Tawny Newsome (born February 24, 1983) is an American musician, comedian, and actress best known for playing Chelsea Leight-Leigh on Bajillion Dollar Propertie$, co-starring in Space Force and the third season of Brockmire, and co-hosting the podcast Yo, Is This Racist?. She is also a singer in the band Four Lost Souls. She voices one of the main characters, Beckett Mariner, on Star Trek: Lower Decks.

Early life
Originally from Vacaville, California, where she grew up on a ranch, Newsome attended DePaul Theatre School in Chicago, where she started her comedy career with Second City.

Career 
Newsome was a backup singer in a touring Talking Heads tribute band. This later led to her being cast in Documentary Now! in a similar role.

Newsome's first major television roles were as Chelsea Leight-Leigh on Bajillion Dollar Propertie$ and Nina on The Comedy Get Down.

Newsome has been a co-host of the podcast Yo, Is This Racist? alongside Andrew Ti since 2018. She also appears as a frequent guest on podcasts such as Comedy Bang!
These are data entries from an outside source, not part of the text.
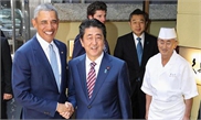 Former US President Obama and Japanese Prime Minister Abe shake hands in front of a sushi restaurant in the Ginza shopping district, Tokyo on Mar. 25. (VCG/Pool)
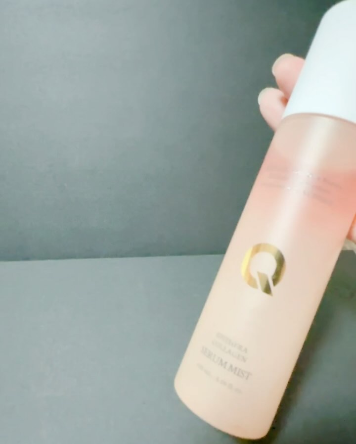 NUDIQUEのコラーゲンセラムミスト🧡 コラーゲンやヒト幹細胞培養液がはいってる! ベタつかずにツヤっぽい潤い肌になれる〜! メイク前にも◎ ラベンダーオイル配合で香りもいい香り🪻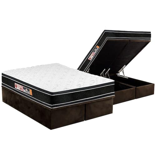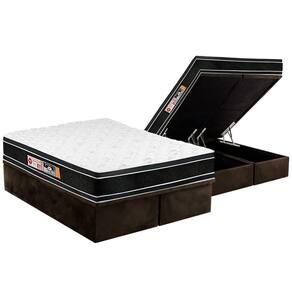 Conjunto Box Baú King: Colchão Espuma Castor D33 Black e White Air Euro Pillow + Base CRC Suede Brown(193x203)

Bang! and Spontaneanation with Paul F. Tompkins.

Newsome is also a musician and is a member of the band Four Lost Souls alongside Jon Langford, Bethany Thomas, and John Szymanski. The group released a debut self-titled album in 2017.

Newsome was in the main cast of Brockmire in its third season. She was also cast in the 2019 ABC pilot Woman Up. She was cast as a lead voice in the CBS All Access series Star Trek: Lower Decks.

She appears in a lead role as Maj. Angela Ali in the Netflix series Space Force starting in 2020.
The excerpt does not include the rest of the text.